In "The Last Castle," the prisoners are already shaped by routine; years in the military have rendered prison as just another dead-end assignment. The inmates seem a moment away from asking, "How do I get outta this chicken outfit?"

Such is Irwin's mindset when he is brought to the Castle, with eight leadership-related deaths weighing on him. "What do you expect from your time here at the Castle?" asks the head of the facility, Colonel Winter (James Gandolfini, more soft-spoken than he's ever been). "Do my time; go home," Irwin says.

Winter admires Irwin, even after the General insults him and questions the way he runs the Castle; there have been several deaths on Winter's watch. "Look how easy it is to control men," Winter says after he starts a riot in the yard. "Someone should write a paper on it."

Before long, the back-and-forth turns bloody, as Winter tries to strip the inmates of the dignity and anger Irwin has stirred in them. But Winter still respects Irwin, and wants to best him in a manner that will win his admiration in return.

"What's to keep me from throwing you in (solitary confinement)?" he asks. "Nothing," Redford says with his patented twinkle, "if you want to win that way." The look of eagerness and fear on Gandolfini's face is a movie in itself.

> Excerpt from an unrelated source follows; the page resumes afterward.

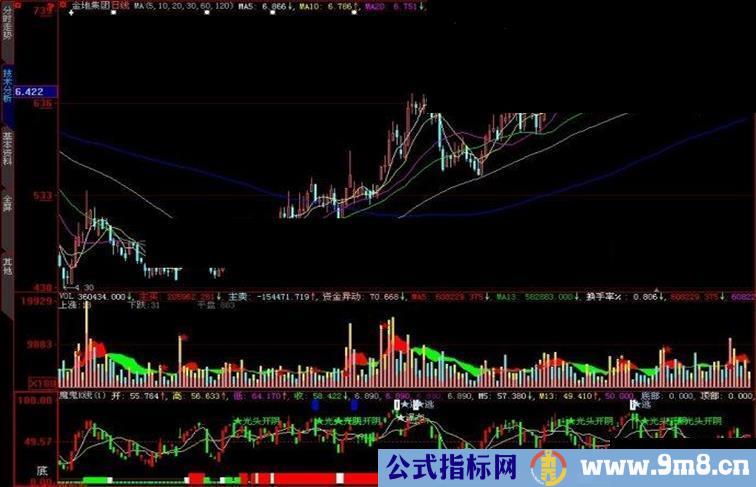 底部: IF(Vars4<15 AND Vars5<20 AND Vars6<50 AND BARSCOUNT(CLOSE)>25,-100,0),stick;

As visualized by "The Contender's" Rod Lurie, "The Last Castle" is less a prison yarn and more "Patton" in a box. There are constant references to the strategy of chess, from literal close-ups of a chessboard to Winter's birds-eye view of the yard, where his pawns are playing his game for him. The inevitable skirmish is shot like combat footage, with quick cuts and a constantly moving camera.

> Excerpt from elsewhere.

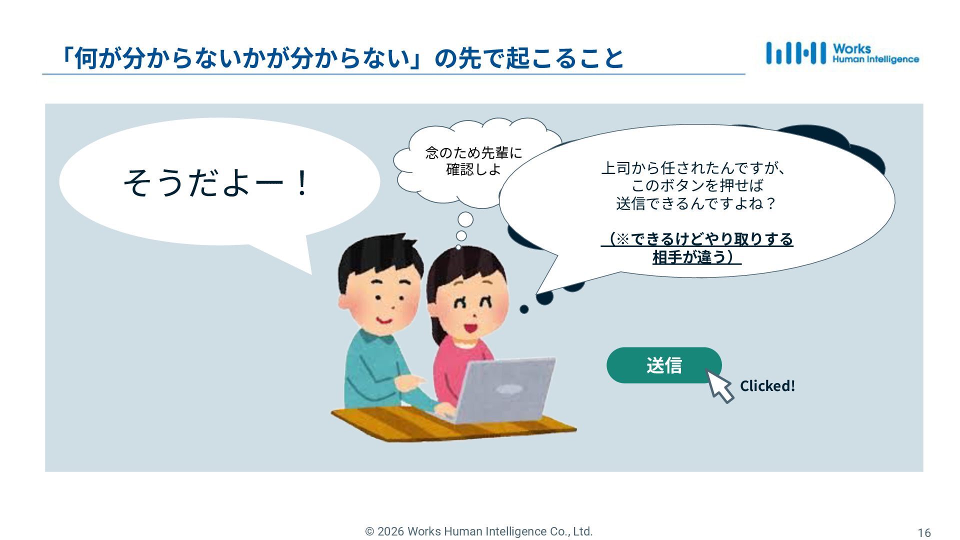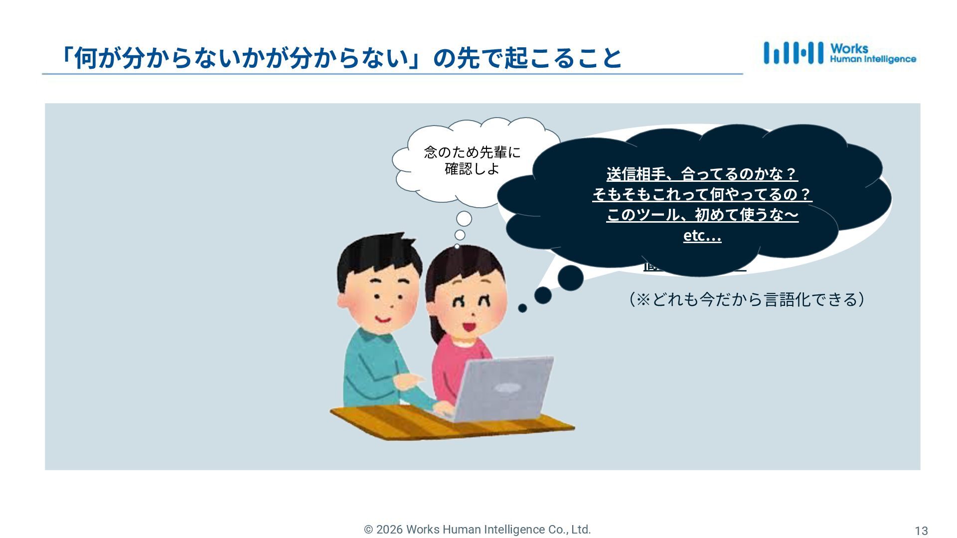 13. © 2026 Works Human Intelligence Co., Ltd. 16 「何が分からないかが分からない」の先で起こること 念のため先輩に

The yard seems to stretch for miles; it's big enough for the inmates to build a makeshift battlement and for a combat helicopter to swoop around inside. These are the trenches, and welcome to them.

Even if the nation weren't completely upside down right now, "The Last Castle" would be a strange bird -- it asks you not only to respect, but to rally behind, a bunch of convicted felons. I leave it to you to form your own opinion of the men -- hard to do, as the script conveniently fails to tell you what most of the inmates did to get sent to the Castle -- and encourage you to marvel at the destruction of the institution.

I also leave it to you to figure out which institution is destroyed -- and whether these men could ever go home.